(Collection entries)
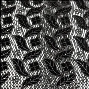 پارچه لباس عرض 1.3 متر مدل والا طرح مخمل گیپور مجلسی رنگ مشکی
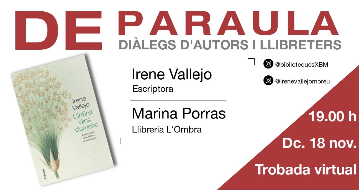 Dimecres 18 de novembre a les 19:00 h, l'autora Irene Vallejo va conversar amb la Marina Porras de Llibreria L'Ombra, sobre el llibre L'infinit dins d'un jonc.
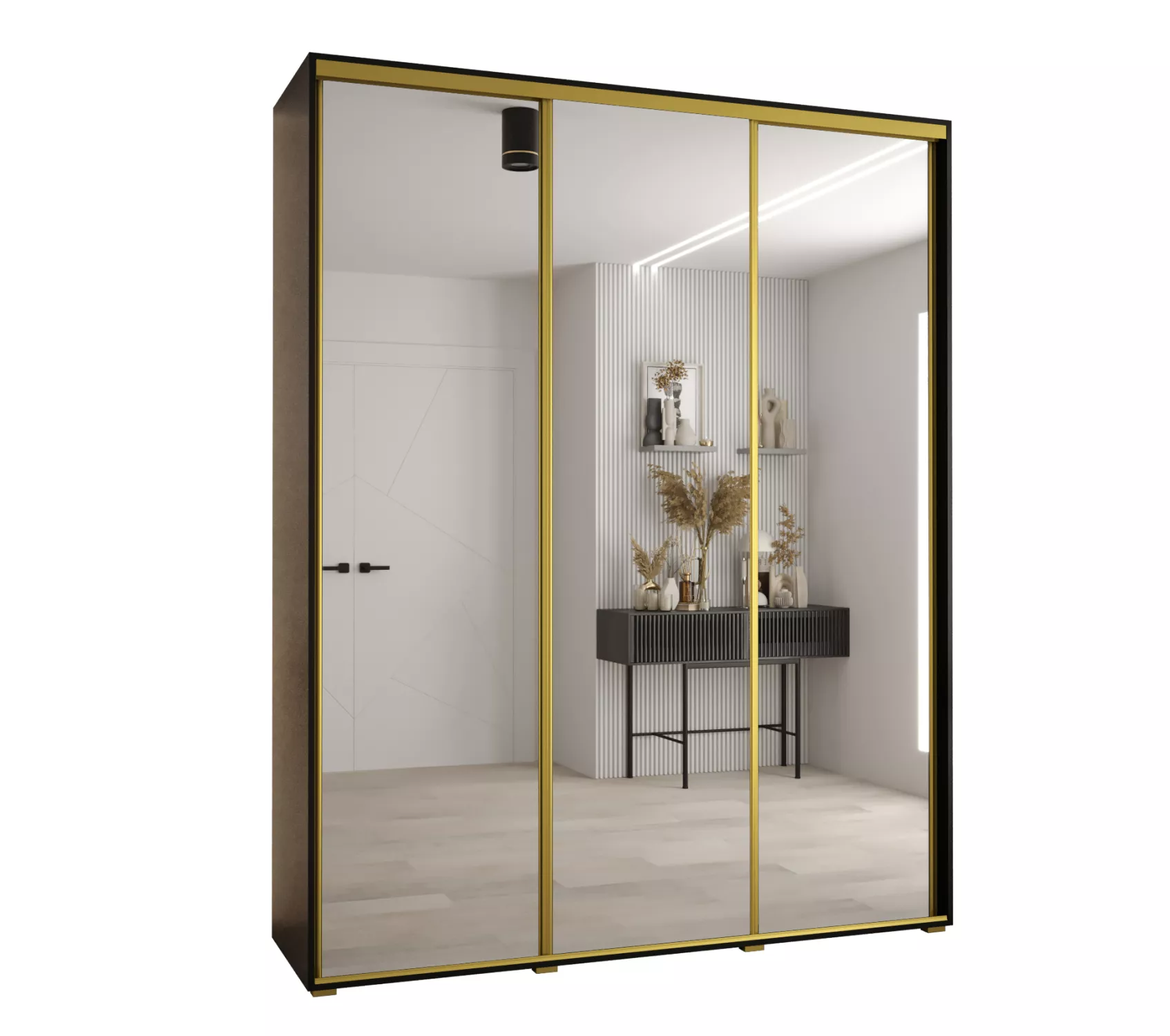 Šatní skříň YVONA 2 - 200/45 cm, černá / zlatá
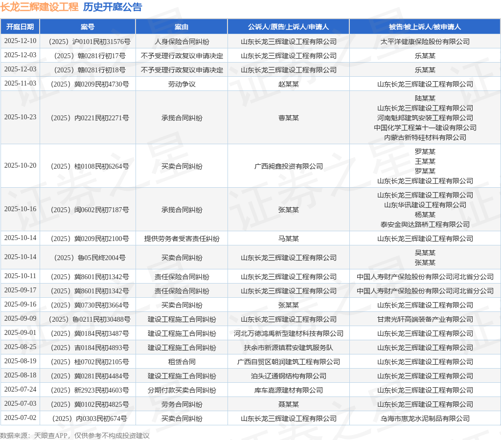 案号:(2025)沪0101民初31576号根据统计,近一年内以山东长龙三辉建设工程有限公司为当事人的历史开庭公告有45则,其中案由为“买卖合同纠纷”的公告以8则居首,其次为“建设工程施工合同纠纷”有6则,“建设工程分包合同纠纷”有5则。历史开庭公告(前20条)如下:
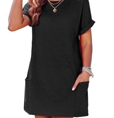 AI’MAGE Strandjurk voor dames, ruim, strandshirt, losse zomerbikini cover-up met zakken, strandponcho, S-XXL, zwart, S
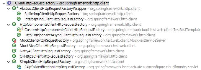 restTemplate 생성 시 clientHttpRequestFactory를 지정할 수 있는데 현재는 아래처럼 지원하고 있다.
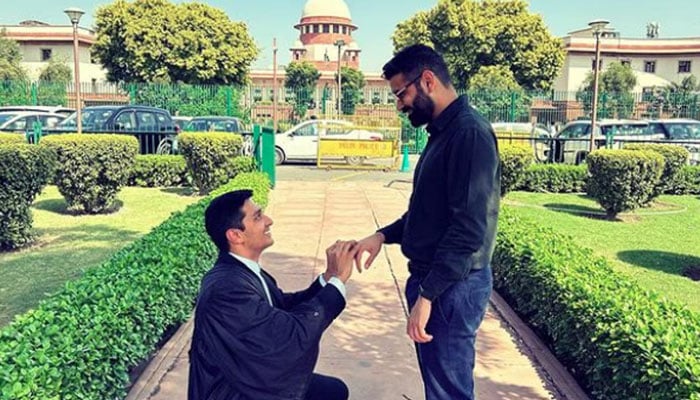 بھارت: ہم جنس پرست جوڑے نے سپریم کورٹ کی عمارت کے سامنے منگنی کرلی
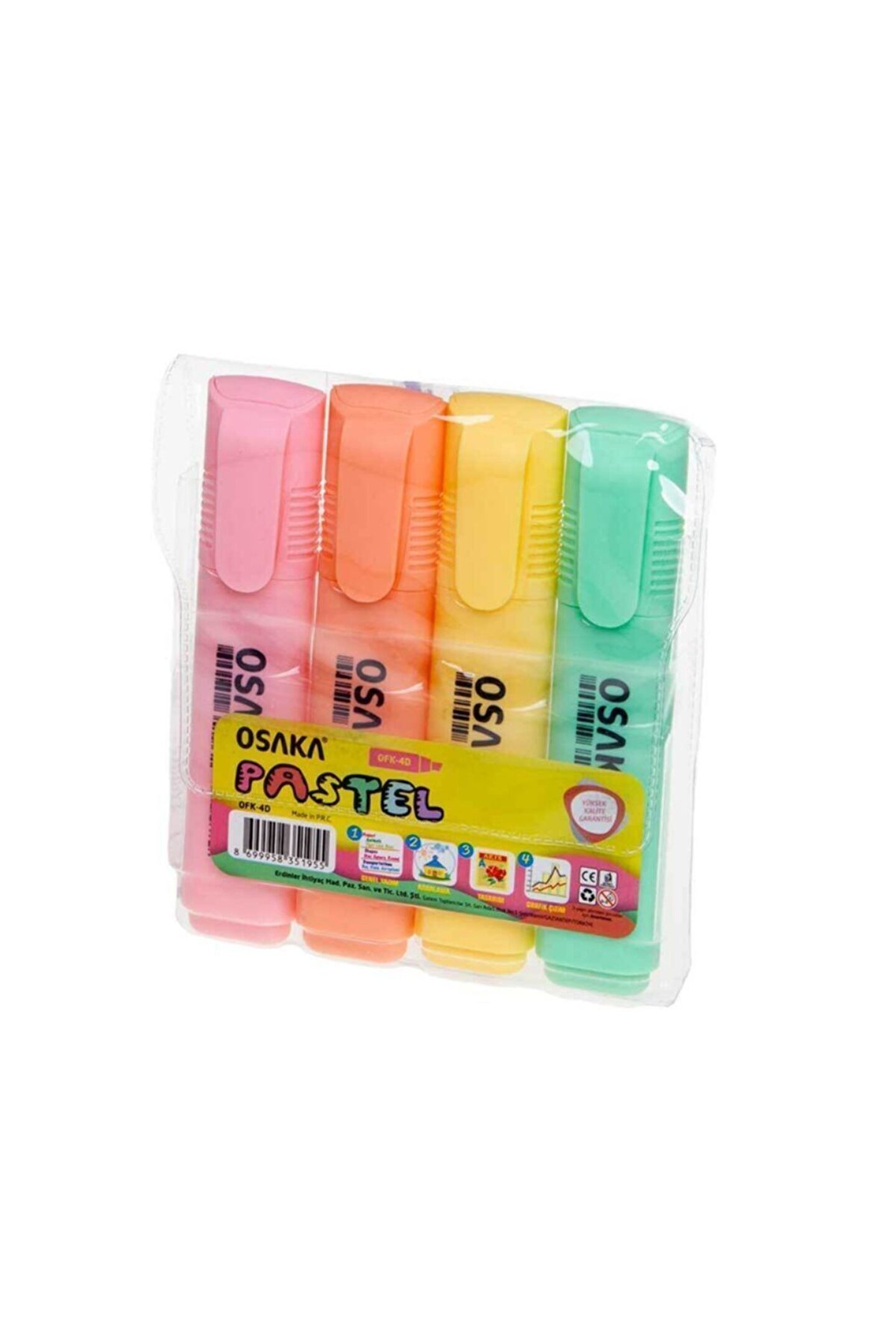 4 Renk Fosforlu Kalem Pastel Renkler
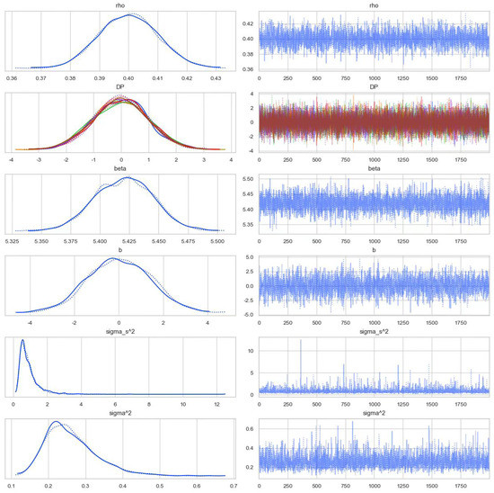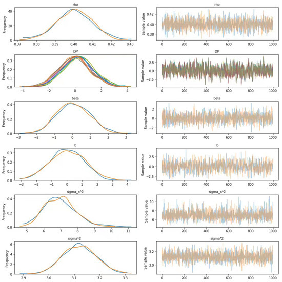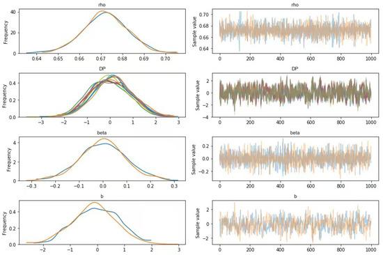 The MCMC method was used to sample and estimate each parameter in the model. The last 1000 iterations were taken to draw the posterior sampling trend graph shown in Figure 13.
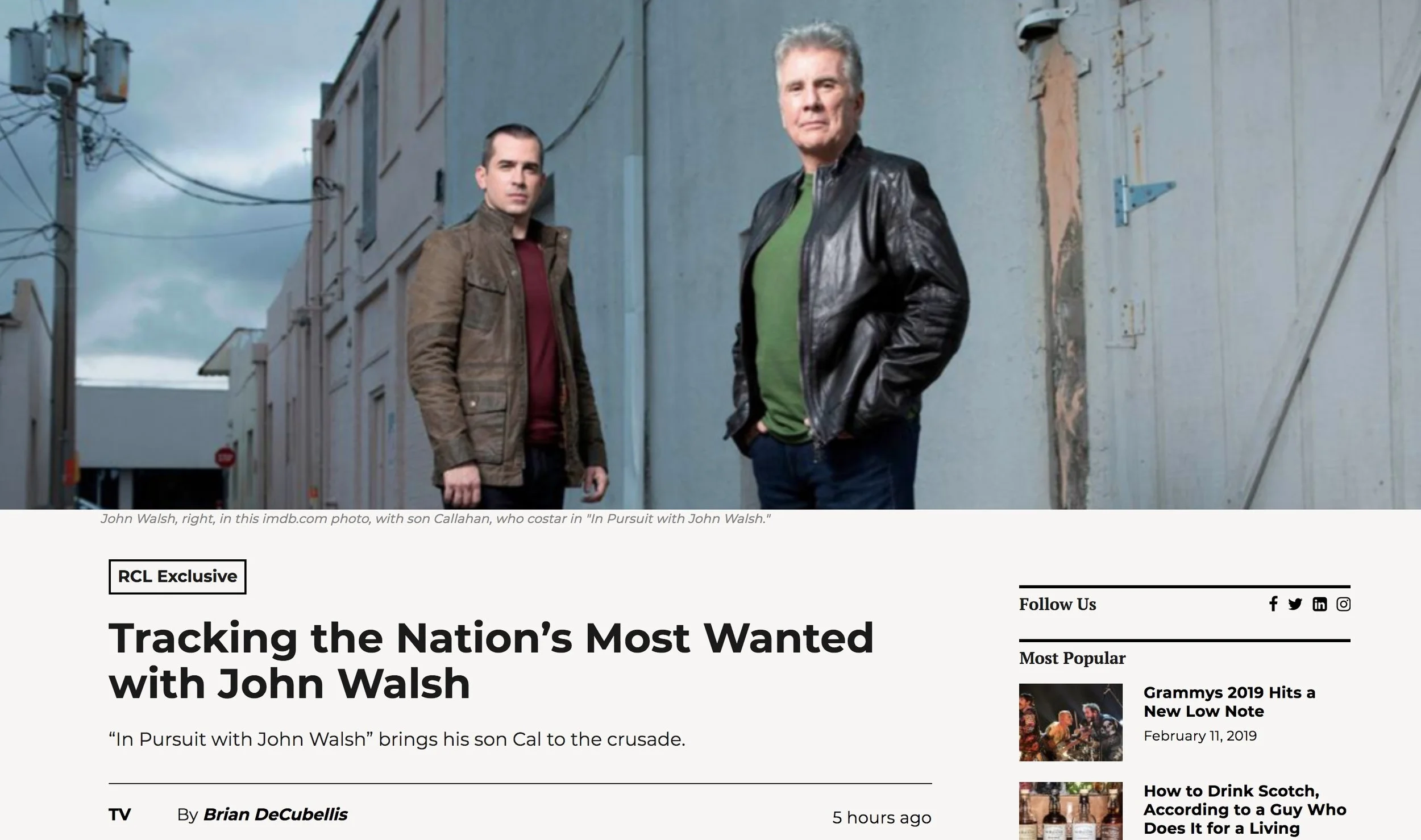 Wrote this piece on my experience behind the scenes on “In Pursuit With John Walsh” ON THE ROAD AND IN PURSUIT → February 20, 2019
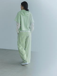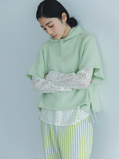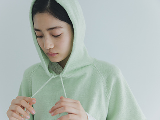 均一できめ細やかな肌触りのよいランブイエメリノウールで編む、スウェット感覚でラフに着ていただけるパーカーベスト。裾とパーカー部分にひもを通す本格的な仕上がりです。立体的なフードやくるんと丸まった袖にもこだわりました。

== Task instructions ==
Print the data above from its first line through the line that has "Šatní skříň YVONA", exactly and with nothing else, omitting pictures.

== Completed task ==
 پارچه لباس عرض 1.3 متر مدل والا طرح مخمل گیپور مجلسی رنگ مشکی
 Dimecres 18 de novembre a les 19:00 h, l'autora Irene Vallejo va conversar amb la Marina Porras de Llibreria L'Ombra, sobre el llibre L'infinit dins d'un jonc.
 Šatní skříň YVONA 2 - 200/45 cm, černá / zlatá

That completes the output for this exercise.